Monday, March 10, 2008

Point biserial correlation

The point biserial correlation gives an estimate of the degree of relationhsip between a dichotomous variable and a continuous variable. One typical use of r pb is correlating a single test item, which is dichotomous (e.g., yes-no), with the overall test score, which is continuous.
For example, a neuropsychologist wanted to determine whether fine motor performance, as measured by speed of finger tapping, was related to gender in an older sample of males and females.

In a research paper, the rpb might be reported as follows:
There was a strong and significant negative correlation found between gender and fine motor movement r(8)=-0.68,p<0.05; in other words, older males are associated with slower fine motor movements, and older females appear to have faster fine motor movements.

Spearman correlation

Spearman correlation coefficient determines the degree of relationship for two sets of ranked data. Spearman correlation is also called the rank-order correlation coefficient. although spearman correlation is far less common than pearson, occasionally variables are ordered according to rank, or variables may be subsequently ranked on the basis of a continuous variable. The formula for spearman is the following:
see page 181.
Spearman might be most typically used in situations where there are a number of variables and they are all ranked by two independent judges. For example, a psychologist wishes to determine how alike husbands and wives are their vegetable preferences. The member of the couple were independently asked to rate their preference for seven vegetables from most preferred (#1 rank) to least preferred (#7).
Significance test for spearman r
Spearman cannot be tested for significance in the same manner as Pearson r.
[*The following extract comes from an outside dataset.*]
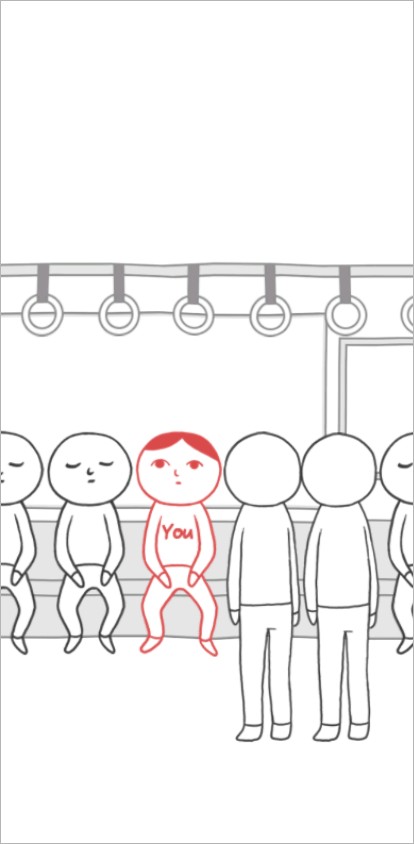3、首先進入第一關卡,場景設定在一輛公交車上。此刻,憑借察言觀色能力的你,需要主動往左側騰出兩個位置給其他路人。

The pearson product-moment correlation coefficient

The single most common type of correlation is the pearson product momment correlation coefficient, which measures the degree of relationship between two continuous variables. A continuous variable is a variable that can be measured along a line scale.For example, smoking can be measured continuously because the number of cigarettes smoked per week, month, or year(s) can be measured along a line scale from zero to a large number. Gender (male or female) is not considered a continuous variable because if numbers (e.g., 1 or 2) were assigned to the two categories, a person could not be a 1.3 or a 1.7.
Please check the formula for r at Statistic A gentle introduction,Coolidge, Frederick L.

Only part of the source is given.